Task requirements => In the entries below, find the line with "三陸鉄道本社に送付した 12,250 円分の郵便為替" and the line with "Система окраски выбирается"; copy them and every line between them exactly, but not the pictures.

Supplied records =>
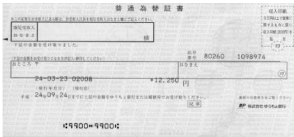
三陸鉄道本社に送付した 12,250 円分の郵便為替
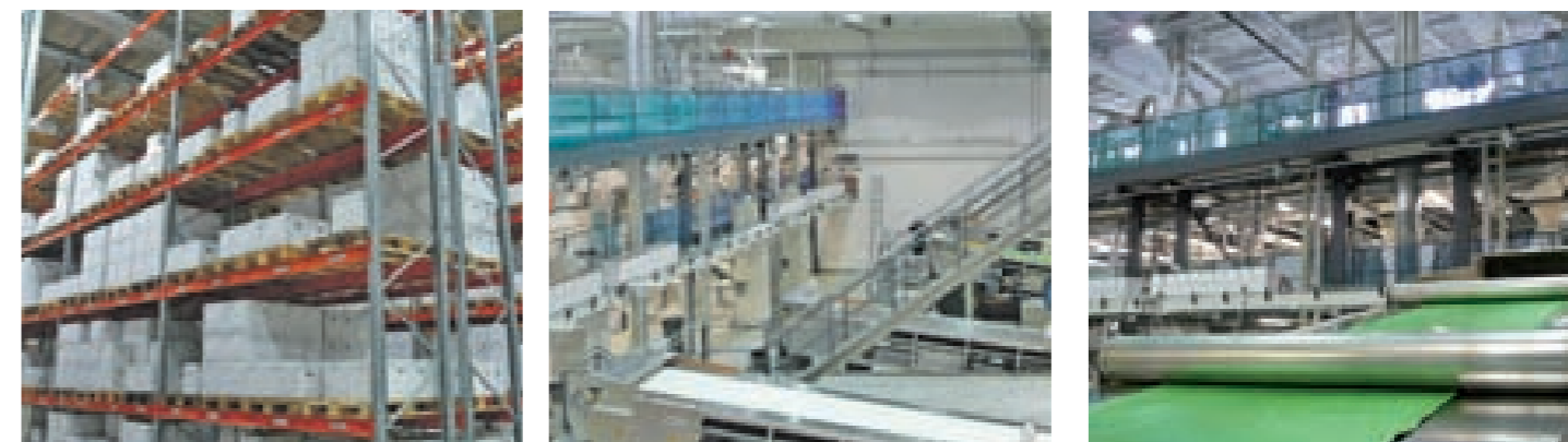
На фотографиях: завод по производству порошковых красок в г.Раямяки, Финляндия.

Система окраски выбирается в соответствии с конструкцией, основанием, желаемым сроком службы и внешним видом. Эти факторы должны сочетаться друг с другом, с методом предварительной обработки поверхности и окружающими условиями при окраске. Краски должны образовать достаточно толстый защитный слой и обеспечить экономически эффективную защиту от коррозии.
==
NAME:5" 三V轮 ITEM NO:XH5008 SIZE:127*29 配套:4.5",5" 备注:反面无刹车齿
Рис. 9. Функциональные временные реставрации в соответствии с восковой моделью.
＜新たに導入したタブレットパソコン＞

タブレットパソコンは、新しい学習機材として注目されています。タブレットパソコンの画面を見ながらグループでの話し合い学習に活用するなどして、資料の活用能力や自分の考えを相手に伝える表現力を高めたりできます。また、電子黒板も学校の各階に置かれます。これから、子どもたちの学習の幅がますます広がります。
...
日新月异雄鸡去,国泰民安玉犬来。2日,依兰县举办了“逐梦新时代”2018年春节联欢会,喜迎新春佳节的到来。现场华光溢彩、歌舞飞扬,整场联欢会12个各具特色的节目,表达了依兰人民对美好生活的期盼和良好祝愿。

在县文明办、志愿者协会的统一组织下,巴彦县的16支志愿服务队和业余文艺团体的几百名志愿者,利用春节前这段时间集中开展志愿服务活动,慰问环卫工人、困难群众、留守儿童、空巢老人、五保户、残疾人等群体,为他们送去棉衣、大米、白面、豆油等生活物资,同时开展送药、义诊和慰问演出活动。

Answer section =>
三陸鉄道本社に送付した 12,250 円分の郵便為替
На фотографиях: завод по производству порошковых красок в г.Раямяки, Финляндия.

Система окраски выбирается в соответствии с конструкцией, основанием, желаемым сроком службы и внешним видом. Эти факторы должны сочетаться друг с другом, с методом предварительной обработки поверхности и окружающими условиями при окраске. Краски должны образовать достаточно толстый защитный слой и обеспечить экономически эффективную защиту от коррозии.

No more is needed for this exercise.